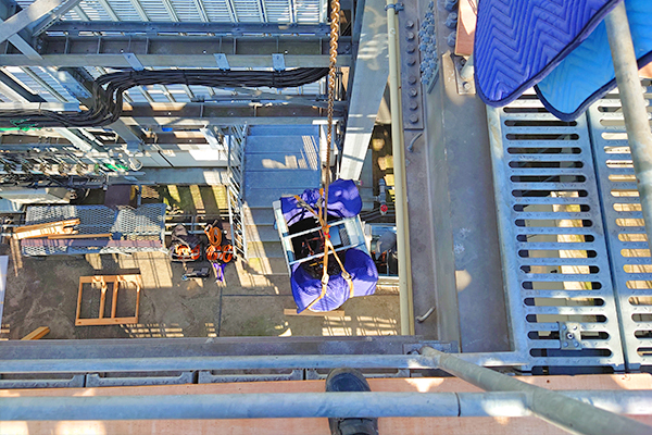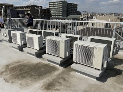 室外機200㎏の階段搬入と屋上据付。
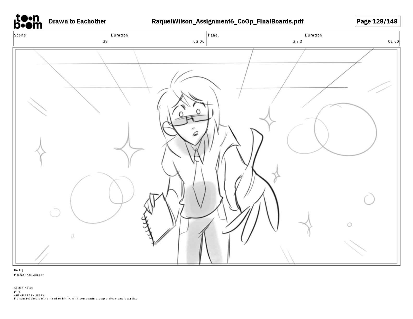 01 00 Dialog Morgan: Are you ok? Action Notes MLS ANIME SPARKLE SFX Morgan reaches out his hand to Emily, with some anime-esque gleam and sparkles Drawn to Eachother RaquelWilson_Assignment6_CoOp_FinalBoards.pdf Page 128/148
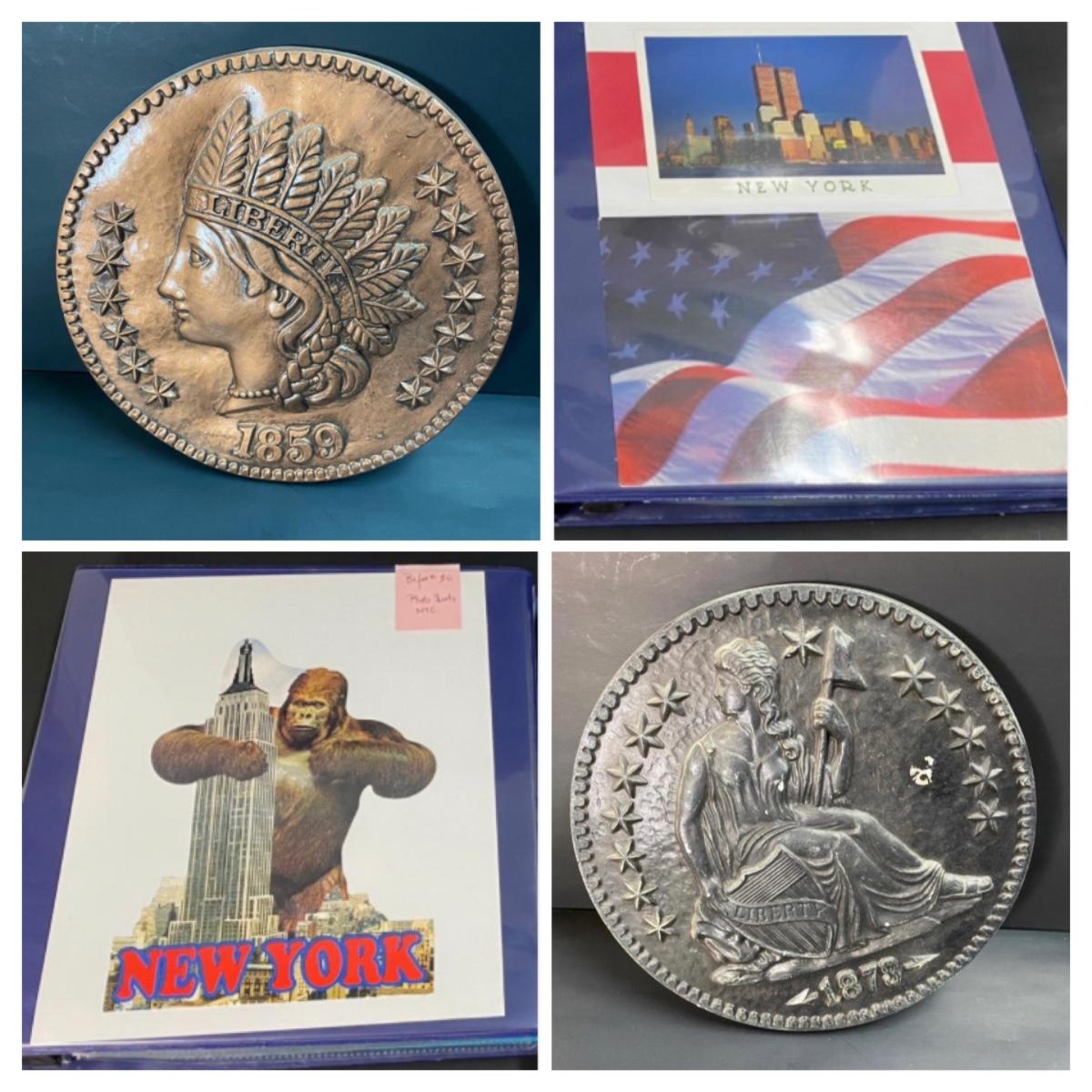 LOT 82: Two Binders of NYC Photographs and Coin Plaques

◇ ◇ ◇

* PROBLEM STATEMENT
All of the data above should be quoted exactly, except for the pictures.

* COMPLETED EXERCISE
 室外機200㎏の階段搬入と屋上据付。
 01 00 Dialog Morgan: Are you ok? Action Notes MLS ANIME SPARKLE SFX Morgan reaches out his hand to Emily, with some anime-esque gleam and sparkles Drawn to Eachother RaquelWilson_Assignment6_CoOp_FinalBoards.pdf Page 128/148
 LOT 82: Two Binders of NYC Photographs and Coin Plaques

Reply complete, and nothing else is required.